Your example shouldn't depend on:
- External services that require credentials or network access
- Files or state that exist only on your machine
- Configuration loaded from environment variables that aren't shown
- A sequence of prior steps that must be completed first
If external state is genuinely part of the problem, substitute the smallest possible local stand-in: a hardcoded string, an in-memory mock, or a local test fixture.
Example¶
An example is a program that runs. Not a fragment, not a diff, not pseudocode: a complete, standalone piece of code that anyone can paste into a clean environment and execute immediately. Include imports. Include dependency versions. Include the invocation. Remove every reason for someone to say "I can't run this."
The Debug That Happens Before You Ask¶
Creating an MRE is a more reliable debugging technique than most developers give it credit for. The process forces you to form and test hypotheses. You delete a block and the problem disappears: that block was involved. You delete a different block and the problem persists: that block isn't. You replace a library call with a direct implementation and the behavior changes: the issue was in the library, not your code.
This is the rubber duck effect scaled up and made systematic. Explaining a problem to an inanimate object forces clear articulation, and clear articulation surfaces the gaps in your reasoning. Constructing an MRE does the same thing, but with code instead of words.
The Disappearing Bug
Plenty of bugs show themselves while you're carving an MRE. You close the ticket because you already found the cause. That still counts as a win: you understand what broke instead of only muting the symptom.

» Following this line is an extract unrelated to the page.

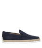 Mocassino Tod's realizzato in pelle scamosciata, linea classica e contemporanea dalla punta arrotondata con impunture a vista, linguetta con monogramma Tod's impresso, suola in gomma con gommini a rilievo e intreccio in rafia sul bordo.

Building One: The Process in Four Steps¶
Start from a blank file. Not a copy of your project with things deleted: a new file from scratch. Rebuild only what is necessary to trigger the issue. This discipline prevents you from dragging irrelevant code along through the back door.
Add the minimum until it fails. Introduce just enough structure to trigger the behavior. Run it after each addition. Stop adding the moment the issue appears.
Remove everything that isn't the bug. Go the other direction. Delete functions, variables, imports, and configuration blocks one at a time. Run after each removal. If removing something makes the issue disappear, put it back. Everything else goes.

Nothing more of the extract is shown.